=== Source material ===
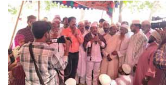
లక్షర విజేత, భీమవరం:
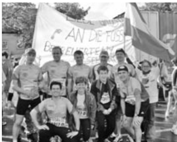
Gruppenfoto des Seekirchner Marathon Team

Wir konnten nicht nur das Hauptziel, die klassische Marathondis-
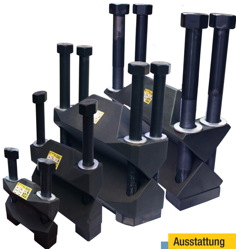
TONISCO® PS DN40, DN80, DN 125, DN150
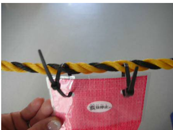
③ロープにしっかりと固定して留める。 取付けバンドの差し込む方向を確認する。
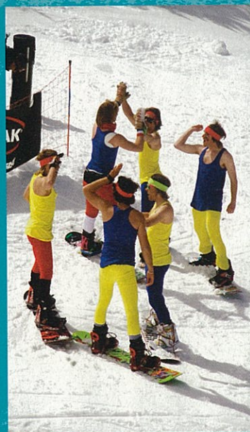
Team Fluofun.
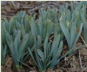
ス イ セ ン
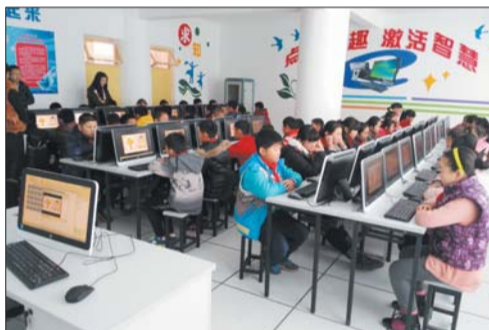
珠玑小学学生在爱心计算机教室上课。

自2010年以来,季道全先生已个人出资近80万元,先后为珠玑小学捐建了“拥有三台高清摄像机的多功能录播教室”“拥有50台快易典平板的智慧教室”“拥有50台一体机的多媒体计算机网络教室”,如今的珠玑小学,办学硬件设施已居全区前列,为师生成长搭建了更为宽广的平台。2012年,学校成为芝罘区8所教育信息化试点学校之一;2013年,被烟台市教育局授予“教育信息化建设和应用先进单位”;
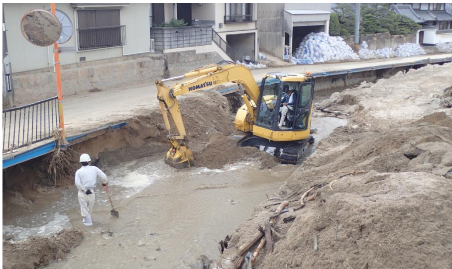
堆積土砂撤去（坂町坂西）
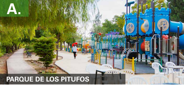
PARQUE DE LOS PITUFOS
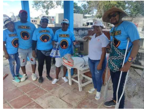
Pie de foto: Realizamos donación de 200 sacos, 20 guantes domésticos y 75 refrigerios a la empresa de Ecoturismo Arriberos de la Boquilla como apoyo a la jornada de limpieza en el Cementerio.
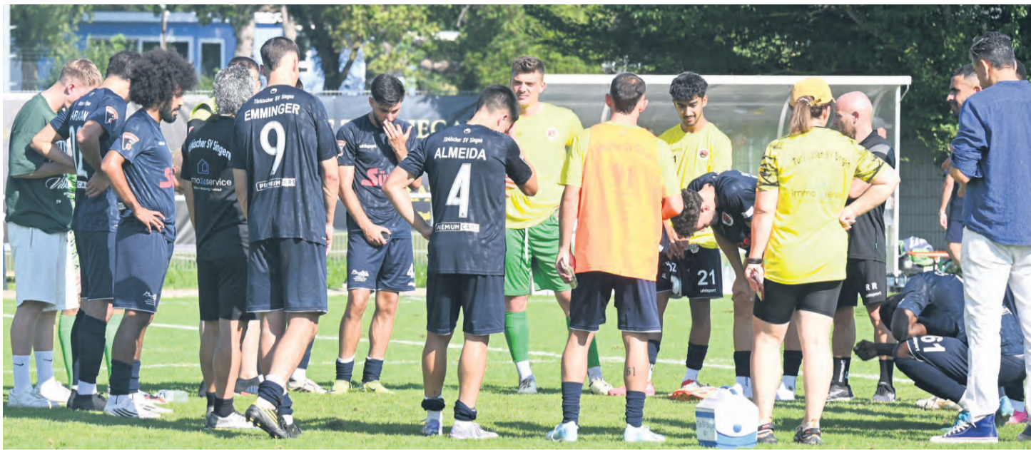
Die Enttäuschung beim Türkischen SV Singen war nach der knappen Heimmiederlage gegen den SV Oberachern sichtlich groß.

„Hut ab vor eurer Leistung, ihr habt richtig gekämpft und uns das
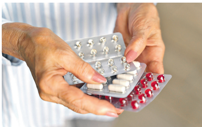
Besonders ältere Menschen, die regelmäßig Medikamente einnehmen müssen, haben Probleme mit dem neuen E-Rezept.

Die Nutzung des E-Rezepts darf aber für niemanden zur Belastung werden. Technische Probleme beim Abrufen des E-Rezepts müssen die Betreiber schnellstmöglich beheben. Sie dürfen nicht dazu führen, dass Patientinnen und Patienten länger auf ihre Arzneimittel warten müssen. Wir als Sozialverband ermahnen außerdem Praxen und Apotheken, alle Wege der Rezeptausstellung und -einlösung anzubieten: elektronisch auf der Gesundheitskarte, in der App und als Ausdruck. Gerade im Gesundheitssystem müssen bei Neuerungen alle Menschen mitgenommen werden. Wir erwarten daher bei allen Digitalisierungsschritten, die jetzt und in Zukunft anstehen, dass Barrierefreiheit mitgedacht wird – so zum Beispiel auch bei der elektronischen Patientenakte, die 2025 kommen soll.“ (Quelle: VdK)
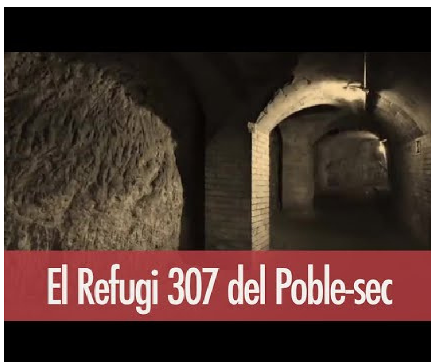
El Refugi 307 del Poble-sec

Els primers llocs que es van habilitar com a defensa van ser els soterranis de les cases i la xarxa de metro però en intensificar-se els bombardejos es va començar la construcció de refugis amb la col·laboració popular. Entre els milers que es van construir, uns 1400, hi ha el refugi 307, el més gran, situat al barri del Poble Sec. Compta amb prop de 400m 2 de túnels de volta de 1'6m d'ample i 2m d'alçada. Al llarg del recorregut es poden conèixer les condicions de vida que es varen donar entre les seves parets i observar les diferents estances com ara els lavabos, una font i la infermeria entre altres.
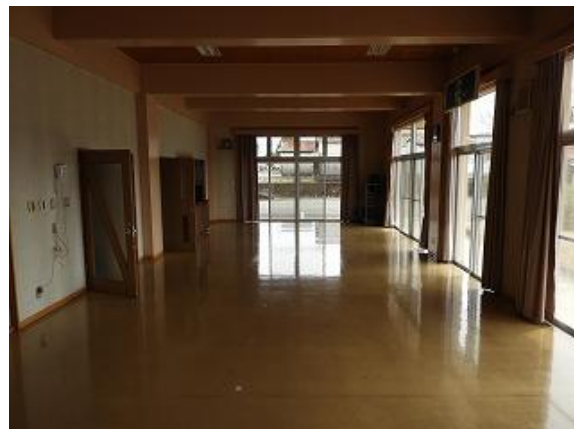
20) 旧上保健センター(集団検診室)西→東
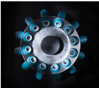
Арт. 1133. 12-местный угловой ротор
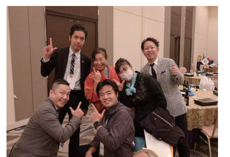
参加のみなさんで
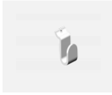
109-0003, W Haken
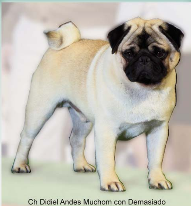
Ch Didiel Andes Muchom con Demasiado

C.A.C. de la Real Sociedad Canina de España
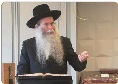
בשיעור בישיבה הגבוהה "באר אברהם"
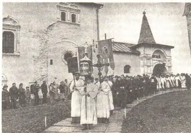
Крестный ход вокруг собора Рождества Богородицы Суздальского кремля

«Веселися, святой доме Божией Матери, радуйся, древняя Владимирская земле, имеющи в себе сокровище многоценное» — эти слова, написанные к недавнему (в 1984 году) прославлению Собора Владимирских святых, могут выразить и суть нынешних торжеств во Владимире. Но христианство в этом крае на нынешнем историческом витке пришло как бы к своему началу. Если во многих областях России перестройка в отношениях государства и Церкви уже идет полным ходом и приносит свои плоды, то необходимость как бы заново креститься, о которой сказал Святейший Патриарх Алексий, здесь ощущается особенно остро. Накануне своего 1000-летия Владимирская епархия оказалась втянутой в конфликт, с одной стороны, с представителями местной власти, пресекающими всякую попытку возро-
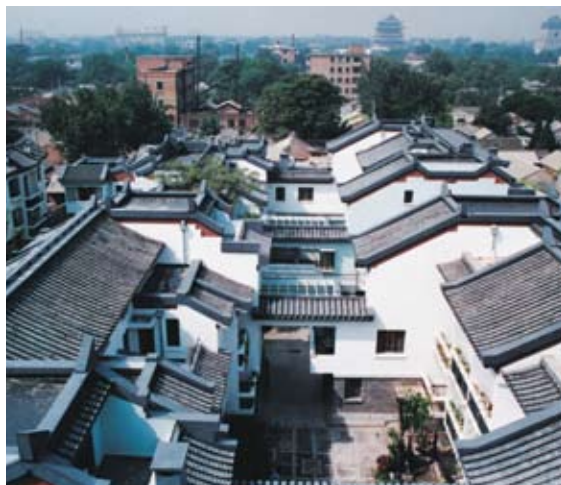
菊儿胡同——院落鸟瞰

菊儿胡同是吴良镛探索北京旧城保护与发展问题的一块“试验田”。自改革开放之初起，他带着一批又一批研究生，进行调研和规划设计。通过居民互助、政府资助、单位补贴等途径和房改加危改的方式，当年破败的“危积漏”（危房、积水、漏雨）院落变成由一座座功能完善、设施齐备的单元式公寓组成的新四合院住宅。扩展形成的“跨院”又突破了北京传统四合院的全封闭结构，形成邻里交往的崭新空间。粉墙黛瓦、绿树成荫，气象一新的菊儿胡同仍旧保持了与北京旧城肌理的有机统一。
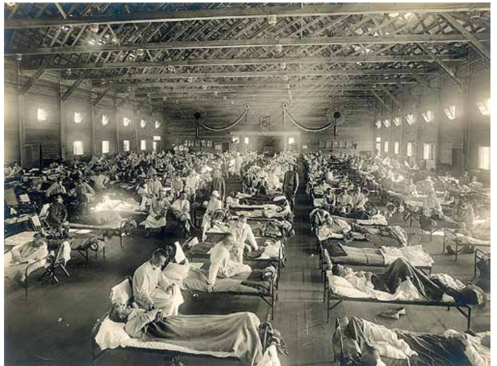
スペイン風邪1918年_米国カンザス ファーストン基地

日本においても多くの感染者があり、大きな数の犠牲者が出たと伝えられている。このスペイン風邪のの流れを見ると第1次で25万人、第2次で12万人、第3次では3,698人、合計38万人が死亡している。このようなパンデミックが3回にわたり起こってきたという事を考えると、今後、新型コロナウイルスが、今はとりあえず落ち着きつつあるようだが、いつ第2次、第3次感染が起こってくるかわからないので十分な警戒を怠ってはいけない。
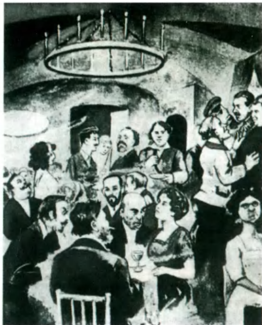
Открытие «Бродячей собаки» в 1912 году. Рисунок С. Животовского.
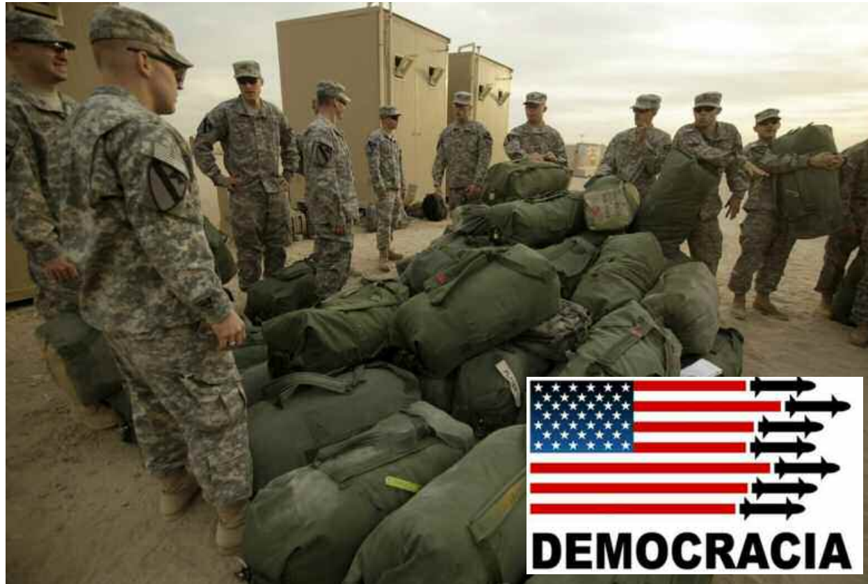
El doble discurso de USA

Investigaciones Neta Crawford y Catherine Luz realizaron el estudio de
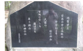
出口王仁三郎の和歌

皆神山には、熊野出速雄神社や御神木のヒムロビヤクシン、富士浅間神社、このはな桜、天満宮、天地カゴメの宮や数多くの石碑など。。。さらには宇宙空間への航行基地として造られたという説があったり。これだけ色々なものがあるという事は、やっぱり皆神山には何かありそうですね。。。調べれば調べる程、不思議な皆神山。おもしろいですね～。まだまだ秘密がありそうな謎の多いところですよ。
===
● Assignment: The required output is each line of the entries that contains the word "Team".

● Answer for the task:
Gruppenfoto des Seekirchner Marathon Team
Team Fluofun.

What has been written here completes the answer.